After approval, the New Relic CLI writes the event to that same workload. Same demo tenant, same checkout entity.
The same CLI run wrote Change Tracking events for notification-worker-prod and catalog-api-prod as well. The runbook records all three returned Change Tracking IDs under the same groupId.
Why the Deploy Pipeline Is Not Enough
A deploy pipeline can create a Change Tracking event for the service it just shipped. Useful, and often enough.
Shared changes are where that breaks down. A Redis upgrade, IAM policy change, queue configuration update, or Terraform module change can affect services that did not deploy at all. Their New Relic charts miss the event, even if those teams are the ones debugging later.
Through annie do, Anyshift handles placement before the event is written: it finds the production services that depend on the changed component, maps them to New Relic entities, and prepares one reviewed Change Tracking event per affected entity.
New Relic gets context the deploy pipeline does not have:
- which production services consume the changed component
- which team owns each service
- which New Relic entity should receive the event
- why that entity was included
- how the whole rollout can be queried through one
groupId
When a team opens New Relic during an incident, the relevant change is already on their chart.
The Handoff
Anyshift never holds New Relic credentials in this workflow. The New Relic CLI owns the write path, and the runbook on disk is the contract between them.
What Teams Get
Before this, a shared production change can be recorded and still be invisible to the team that feels it.
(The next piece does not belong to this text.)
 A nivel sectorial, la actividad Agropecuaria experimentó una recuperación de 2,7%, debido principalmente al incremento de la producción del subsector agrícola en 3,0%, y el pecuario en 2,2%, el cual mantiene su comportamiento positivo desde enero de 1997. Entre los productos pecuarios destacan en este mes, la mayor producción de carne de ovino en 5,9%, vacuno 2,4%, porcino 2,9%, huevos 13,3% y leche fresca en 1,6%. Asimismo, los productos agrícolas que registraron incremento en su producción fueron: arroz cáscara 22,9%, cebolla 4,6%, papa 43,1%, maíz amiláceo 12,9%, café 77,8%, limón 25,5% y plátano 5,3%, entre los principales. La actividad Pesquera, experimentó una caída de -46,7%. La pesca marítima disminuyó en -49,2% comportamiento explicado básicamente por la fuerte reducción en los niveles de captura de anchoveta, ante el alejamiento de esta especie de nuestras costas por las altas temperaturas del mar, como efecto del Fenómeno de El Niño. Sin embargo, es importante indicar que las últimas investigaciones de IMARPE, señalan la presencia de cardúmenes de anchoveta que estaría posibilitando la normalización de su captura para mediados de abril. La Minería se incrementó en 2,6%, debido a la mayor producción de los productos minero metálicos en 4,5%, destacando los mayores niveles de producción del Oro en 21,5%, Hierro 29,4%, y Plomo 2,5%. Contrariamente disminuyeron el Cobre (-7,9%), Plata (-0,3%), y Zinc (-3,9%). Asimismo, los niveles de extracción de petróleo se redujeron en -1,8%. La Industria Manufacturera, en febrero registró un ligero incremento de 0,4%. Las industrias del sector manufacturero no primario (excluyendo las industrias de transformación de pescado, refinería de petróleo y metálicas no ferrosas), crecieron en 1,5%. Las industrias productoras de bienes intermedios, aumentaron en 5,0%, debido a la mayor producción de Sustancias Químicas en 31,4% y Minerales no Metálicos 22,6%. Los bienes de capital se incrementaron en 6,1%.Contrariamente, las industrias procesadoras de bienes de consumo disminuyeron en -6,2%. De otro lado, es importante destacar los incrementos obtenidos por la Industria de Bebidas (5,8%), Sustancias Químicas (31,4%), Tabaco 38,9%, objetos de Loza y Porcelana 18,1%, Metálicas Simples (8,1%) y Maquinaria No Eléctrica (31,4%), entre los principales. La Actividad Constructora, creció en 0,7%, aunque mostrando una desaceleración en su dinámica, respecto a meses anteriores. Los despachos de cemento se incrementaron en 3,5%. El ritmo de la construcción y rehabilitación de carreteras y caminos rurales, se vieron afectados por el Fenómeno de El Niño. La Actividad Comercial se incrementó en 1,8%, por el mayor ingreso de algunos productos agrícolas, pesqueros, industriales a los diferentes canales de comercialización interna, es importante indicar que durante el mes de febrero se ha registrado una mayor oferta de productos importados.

Afterward, the checkout team sees the Redis rollout on checkout. Notifications sees it on the worker. Catalog sees it on the API. Each event has the same source link, the same group ID, and a short explanation for why that service was included.
Engineers keep working in New Relic. Anyshift supplies the production context New Relic cannot infer from one PR or deploy event alone.
Where This Goes Next
The next New Relic workflows are nearby.
Pre-change preview. Before a risky rollout, Anyshift can show which New Relic entities will receive events and which teams own them, directly from annie do.
Post-change correlation. If latency or errors move after an event lands, Anyshift can attach the graph evidence that explains why the change is relevant to that entity.
Change-set reporting. Because every event shares a groupId, teams can query the rollout across entities and compare impact by service.
For New Relic, the win is simple: the right Change Tracking event on the right entity before the incident starts.